The population of judges and their minions who cooperate, conceal, contract to pervert an entire system of juvenile justice is growing to cover the entire American landscape.

The victims, whose lives have been destroyed, lament in the inchoate shadows of social media, discredited, bankrupted. After the exsanguination of their life force, they have no power to fight back.

As the situation now stands, the criminal division of the court system may be seen to have ceded much of their authority to family courts, thus eviscerating and undermining their own authority to prosecute criminals. Crime victims who have the ill fate of being subjected to the family courts instead of the criminal courts are unable to seek protection from crimes committed against them, because judges in family courts have exonerated the criminal.
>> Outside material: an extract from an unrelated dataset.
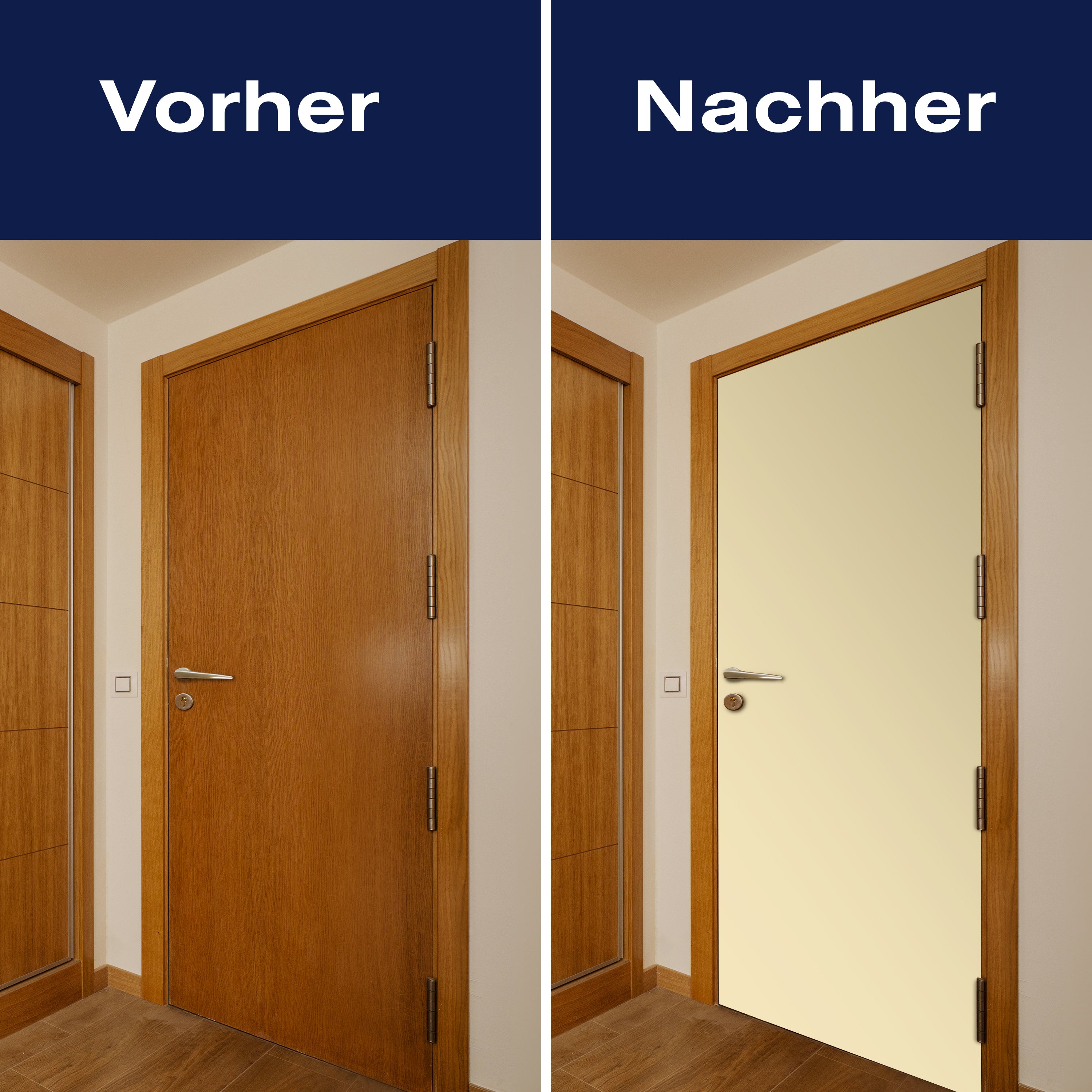 - Drücke die Kanten und Ecken der Türfolie vorsichtig an, um sicherzustellen, dass sie gut haften und keine Ablösungen entstehen.

Judges inflict further insults and injuries by having police forces at their disposal to carry out orders that harm victims, further forcing the child victims into the isolation of their abusers. A court that should have helped the children instead expresses willful malevolence toward those children. As a result, we are seeing generations of children whose lives are being irreparably altered by this malevolence.

Clients who have chosen to retain legal representation have often found themselves with attorneys who were noisy in their ineffectual displays of courtroom drama, but entirely incompetent. Further, instead of acting in the best interest of their clients, these attorneys have acted in lockstep with the illegal, eviscerating directives of the court, moving the children into the custody of an abuser, stifling communications of abuse, and maximizing the flow of reliable child support.

The process of confronting court corruption via scholarly legal intervention and support interventions confronting corruption is a complex matter. In order to effectively challenge court corruption, clients must sometimes resort to pro se representation, but it must be done under the right circumstances. The client’s way forward in these circumstances requires effective, skilled, scholarly representation. Clients who have taken possession of their own communications with the court will then be able to create a record that can be deployed for the defense of their children, themselves, and even other victims in the future.